Ils sont particulièrement défavorables aux entreprises à faible rendement économique ainsi qu’à celles qui ne peuvent s’adapter aux mouvements cycliques de l’économie. Quand vos profits diminuent, les impôts de production restent stables. Leur effet est donc plus sévère sur les activités à faible marge et sur les entreprises qui ont des profits cycliques.Je rappelle qu’en comparaison de ses voisins, la France est particulièrement bien dotée en impôts nocifs : ils représentent 4 % du PIB chez nous contre 2,4 % dans l’Union européenne et 0,9 % en Allemagne. (Mme Anna Pic s’exclame.) Ne pas voter cet article signifie que nous nous passerons de la seule baisse d’impôt prévue dans ce budget. Or cette suppression d’impôt permettra de faciliter la vie d’environ 300 000 PME.Certains ont dit que cela allait pénaliser les collectivités territoriales. Cela aurait été vrai il y a quelques années […]

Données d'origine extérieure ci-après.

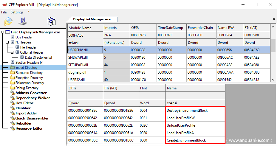 为了创建恶意DLL,我们首先来看看Display Manager从USERENV.dll导入的函数。为此,我将使用CFF Explorer。

On fait de la dette, c’est mieux !

Philippe Juvin rapporteur général · DR #443

Il est intellectuellement malhonnête de présenter cette baisse de la CVAE comme synonyme d’augmentation de la TVA ; c’est totalement faux.Pour toutes ces raisons, il convient de supprimer ces impôts nocifs pour l’activité économique que sont les impôts de production.

Quel est l’avis du gouvernement ?

Roland Lescure ministre · EPR #446

C’est une stratégie que nous avons suivie depuis de nombreuses années et qui a, je pense, porté ses fruits.

Si c’était vrai, on n’en serait pas là !

Roland Lescure ministre · EPR #448

J’entends les préventions, notamment de M. de Courson, sur la dynamique relative des recettes destinées à la compensation comparées à celles tirées de la CVAE. Cependant, j’ai entendu de nombreuses fake news à ce sujet, surtout dans mon oreille gauche.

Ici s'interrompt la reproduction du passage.